I even got butterflies again. Thank goodness the waiting area was populated by children more noisy and antsy than ours :-).

Finally, they brought us into their "chapel", which may have been their old storage room. Nothing fancy, but it served its legal purpose. We made our vows, again, and once again we said "I do." Once again, I choked up, and again I gave him my ring and he gave me his. This time though our boys saw us promise to keep their family together, "forsaking all others"; they held and handed those rings, those symbols of that promise to us. This time we were legally married, bound. While I'll never want to diminish that first day I said "I do" with all those friends and family by our side, I have to admit this day was very special too, in its own way.
And it did feel a bit different to know the state would be there to protect them, from tragedy, even from me. It felt great, in fact, for those couple days.

That, though, is certainly not the end. Off to the beach!
Yes, the beach is great, but the reviews paled in comparison to the tide pools we visited after lunch:
After about 4 hours and 8 coats of sunscreen we had to bribe the boys away from the fish, snails, and crabs with food. This was rated the most fun activity of the trip; save the Lego Land and Sea World money and go to La Jolla's tide pools.
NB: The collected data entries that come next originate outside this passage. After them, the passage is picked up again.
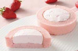 しっとりとした口どけのいちご生地に、いちごの香りが広がるいちごクリームとさっぱりとした甘みが特長のいちごホイップクリームを巻いたロールケーキです。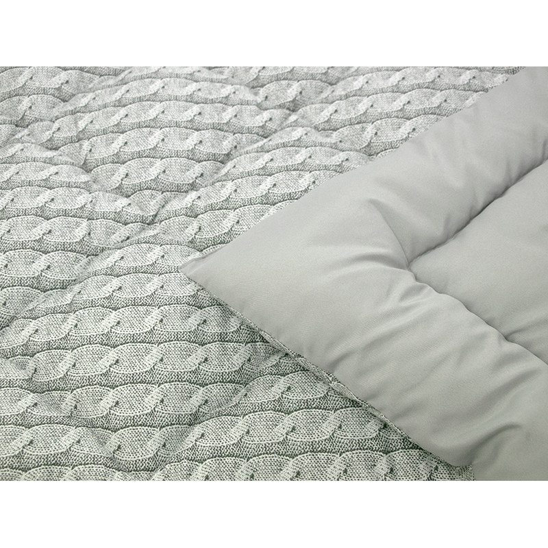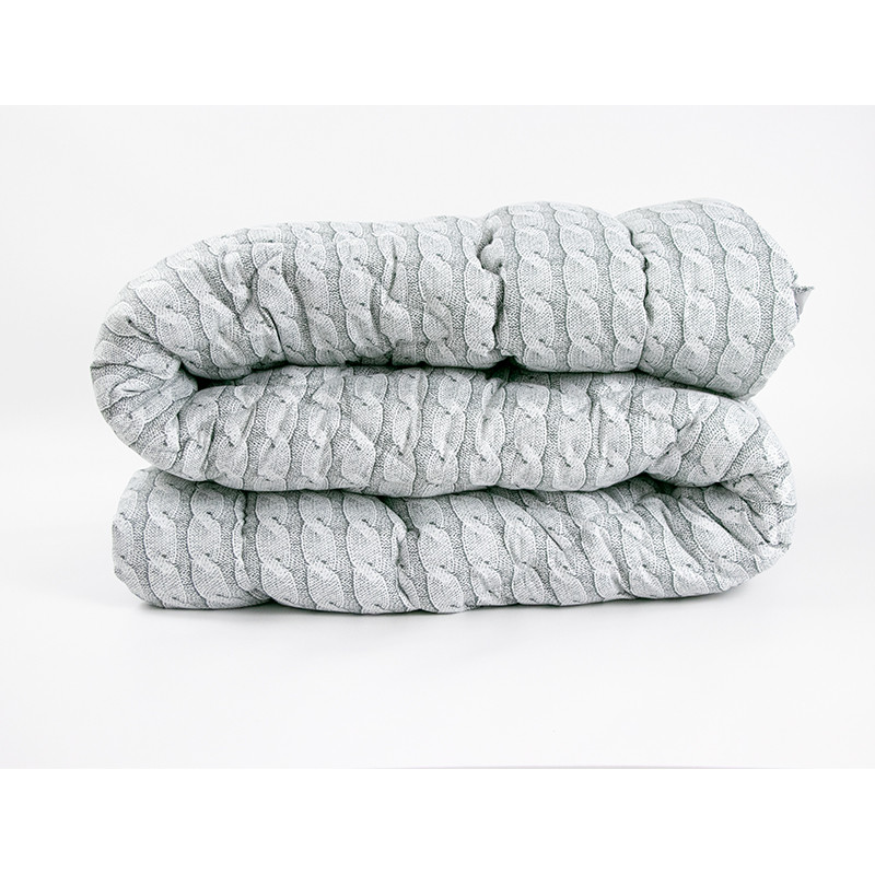 Дизайн виробу, незвичайний, один бік з нанесенням малюнка під в'язку техніка кіска, додасть родзинку в інтер'єр вашої спальні, таку ковдру не хочеться ховати в підковдру, але щоб доглядати за чистотою ковдри було легше, ми розробили постільні комплекти Grey Braid з таким же малюнком. Доповнити ковдру також можна подушками для сну, покривалом і декоративними подушками колекції Grey Braid. Принт виконаний у сірих відтінках, з імітацією в'язаного полотна дуже затишний.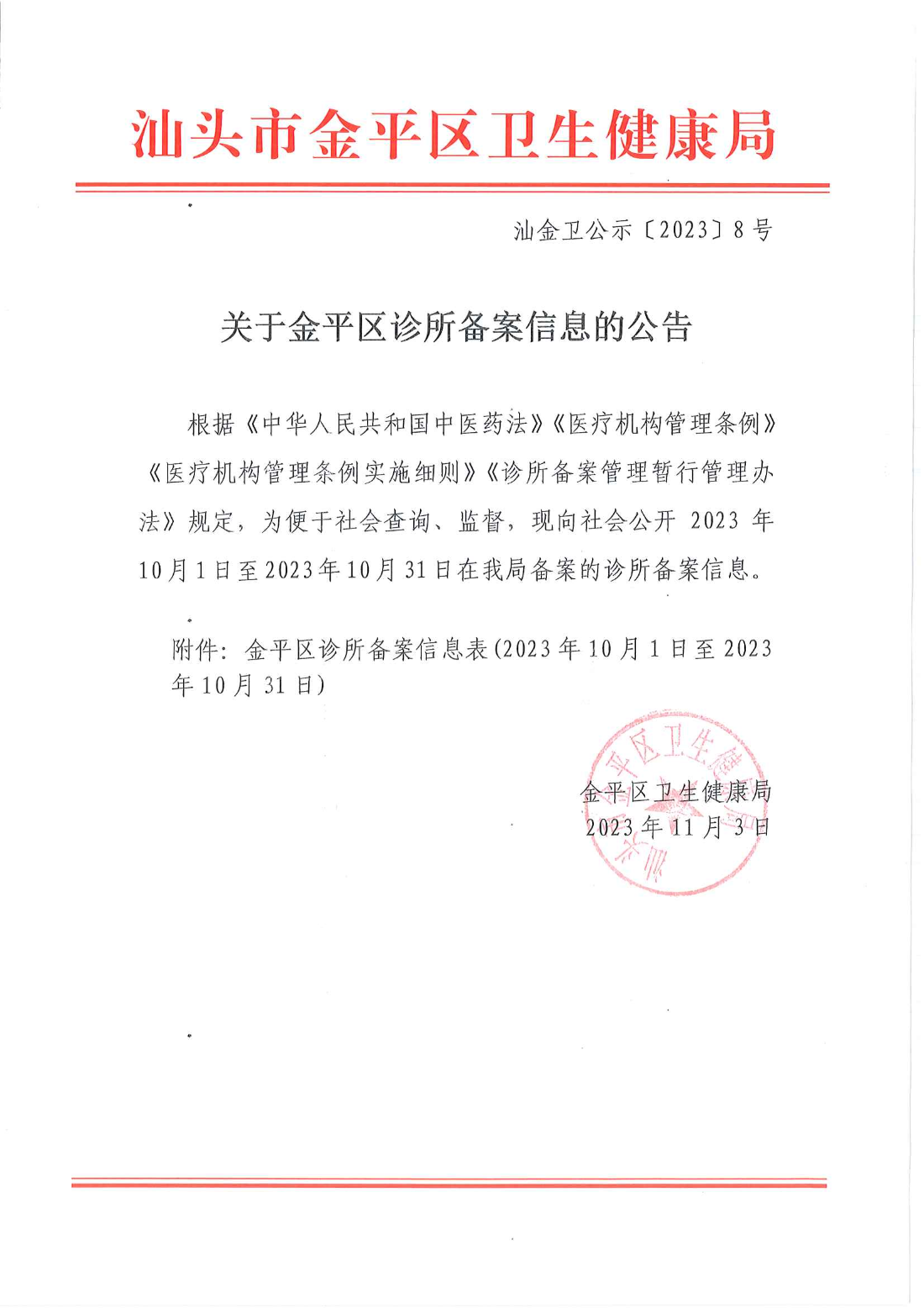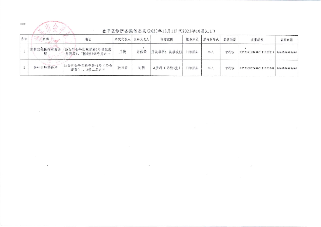 附件:金平区诊所备案信息表(2023年10月1日至2023年10月31日)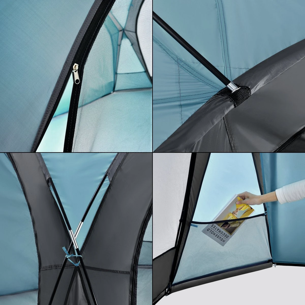 – 4 ademende muskietennetten, met ritssluiting, beschermen tegen insecten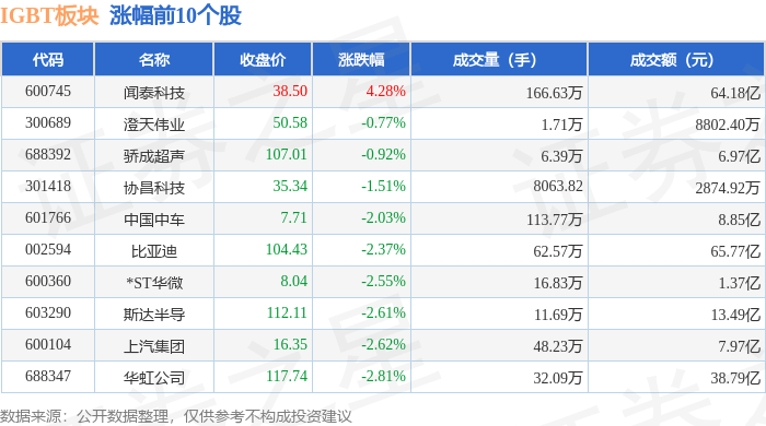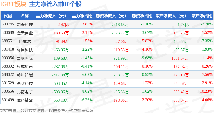 从资金流向上来看,当日IGBT板块主力资金净流出63.98亿元,游资资金净流入18.78亿元,散户资金净流入45.2亿元。IGBT板块个股资金流向见下表: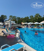 Пляж в отеле песчаный, лежаков всем хватало, они стояли и на пляже и на пирсе, рядом с пляжем ресторан где можно перекусить и выпить, а на пирсе бар с коктейлями. Спускаться в море можно и с пирса. По середине есть большие камни, по ним можно походить. Рыбок почти нет. Бассейны тёплые, горки небольшие. В обед давали мороженое, на раздаче стояло всегда 2 человека, поэтому очередей почти не было... По ощущениям казалось, что еда на территории отеля есть 20 час в сутки.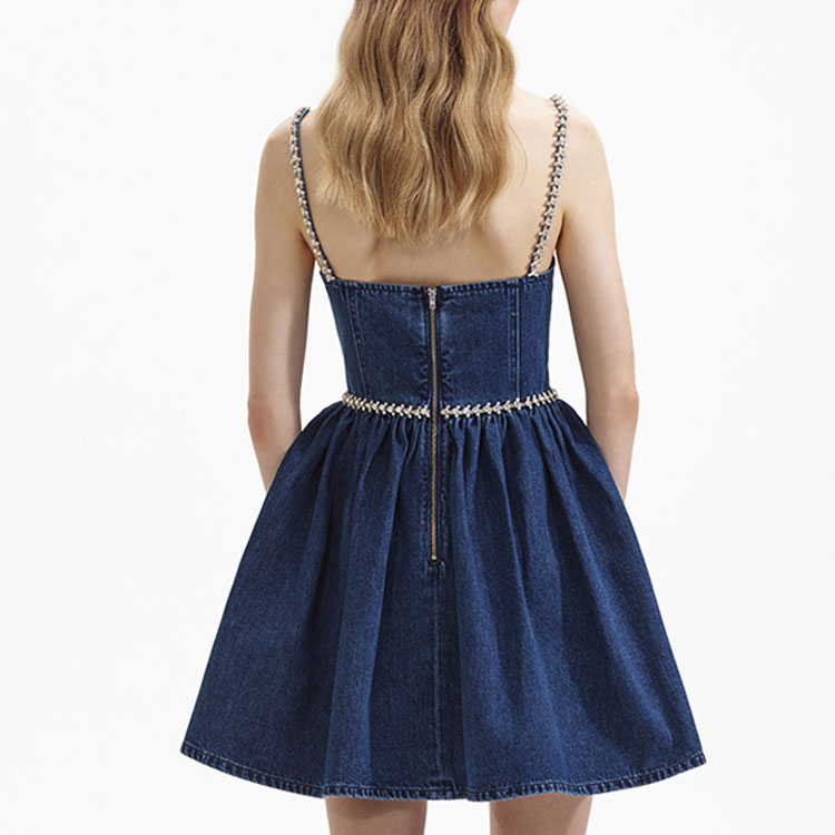 Селфи в джинсовом мини-платье с бантом Self-portrait, синий деним 50 243₽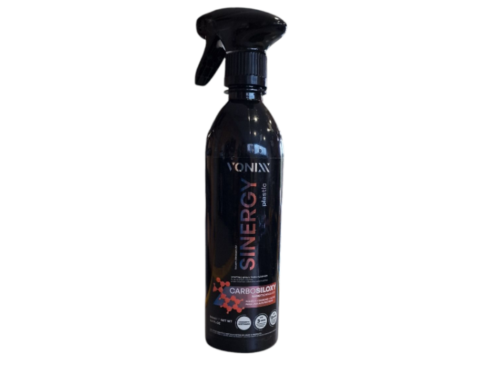 Sinergy plastic spray coating é um protetor a base de água, que contém carbono e silício agindo em sinergia para promover proteção de até três anos nos plásticos internose cinco meses nos plásticos externos do veículo. A tecnologia Carbosiloxy, faz com que o carbono presente na composição faça uma dupla fixação do silício no plástico, afim de aumentar a durabilidade.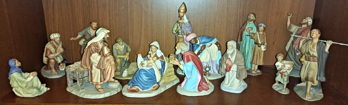 Ahora totalmente al revés, figuras de 11, casi todas adquiridas por mí. Me gusta especialmente el nacimiento catalán y la Sagrada Familia de Pamplona. En cambio, el tió que hay en segundo plano, obra reciente, no es muy acertada en alguno de sus personajes, especialmente una niña robótica con brazos demasiado grandes. Son muy interesantes los dos pastores dormidos, que serían de la anunciata, pero que creo que vienen de las figuras de pasión, son apóstoles del Huerto de Getsemaní.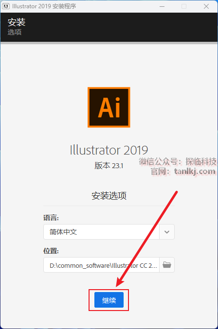 更改软件默认的安装位置,如不需更改,直接点击【继续】即可。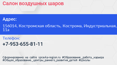 Салон воздушных шаров по адресу 156014, Костромская область, Кострома, Индустриальная, 11а в дальнейшем Организация, размещена в следующих категориях: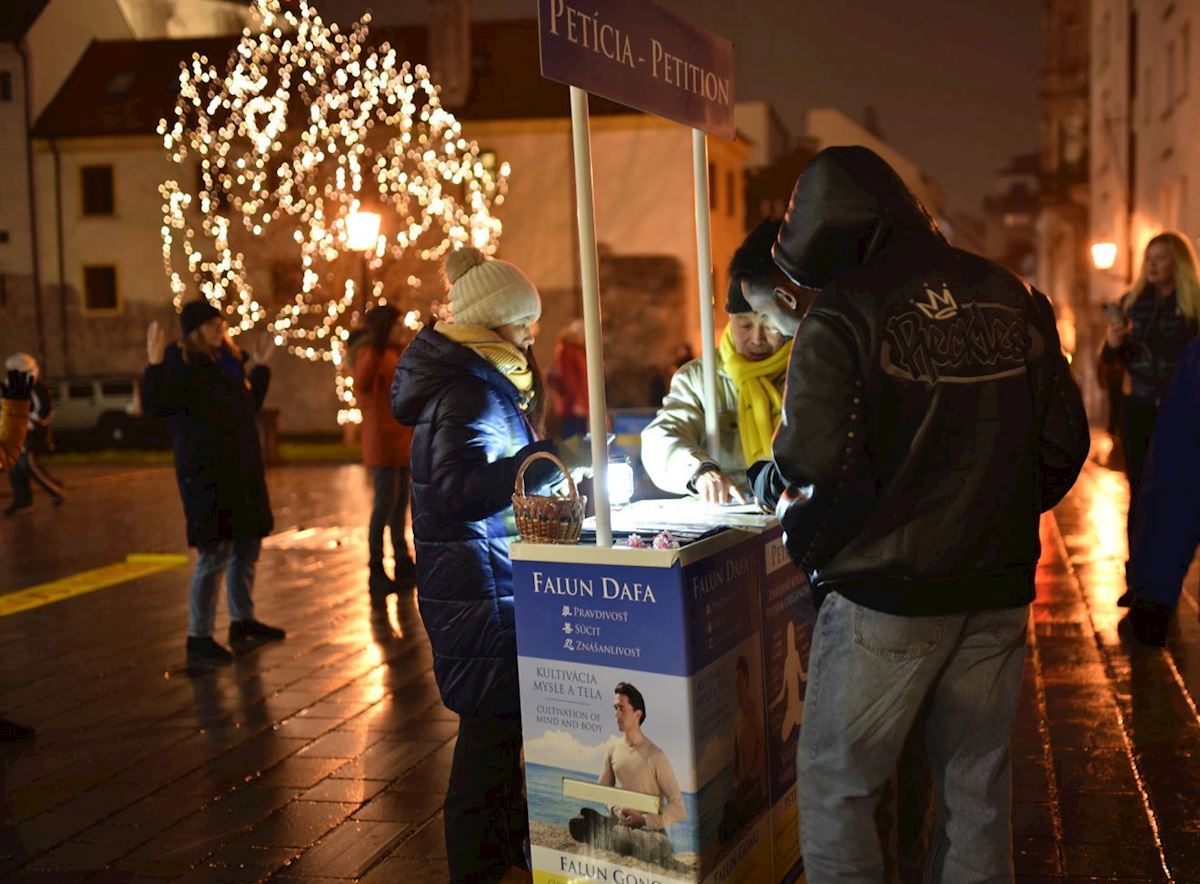 Anežka Vemkova, psiholog, koja se zaustavila kod štanda u Bratislavi, odlučila je da doda svoj potpis peticiji. Za progon je saznala od svog zeta. Rekla je: „Meditacija mi je bliska srcu i mislim da je važno da sloboda ljudi nije ograničena.“ Dodala je: „Vrednosti istinitosti, blagosti i trpeljivosti su veoma korisne za društvo.“

Dinner, well, we had a reservation at our favorite fancy restaurant in San Diego, overlooking the water, but with twin 6-year-olds? We smartly canceled and went to the mall for dinner, yes, on our 13th anniversary/wedding night, where they'd have fun too:
How did I get so lucky? Really.

By far, that was our best anniversary yet. But that's not all. The next day we toured the Midway aircraft carrier, which Alan absolutely loved:
He even got to steer the ship:
Finally, we picked up an In-and-Out burger and went hiking in the spot Rob and I used to always go when we lived there, at Torry Pines State Park:
It was a perfect end to a perfect vacation. We talked a lot about moving back to California even... but we are undeniably Utahns, all our family (the kid's extended family, more importantly) is in Utah, and so on... Anyway, we then got on the plane, landed back home and were no longer legally married.

Last night we easily put the boys to bed, I laid on the couch with my ex, and we watched the Daily Show as we always do just before bed. But I actually felt there, and feel now pretty secure in the knowledge that he won't forever be my legal-ex, even in Utah. No prejudice, misunderstanding, superstition, selfishness or even hate can live up to stark facts of family, maybe even especially in Utah. One has reason to be hopeful, right?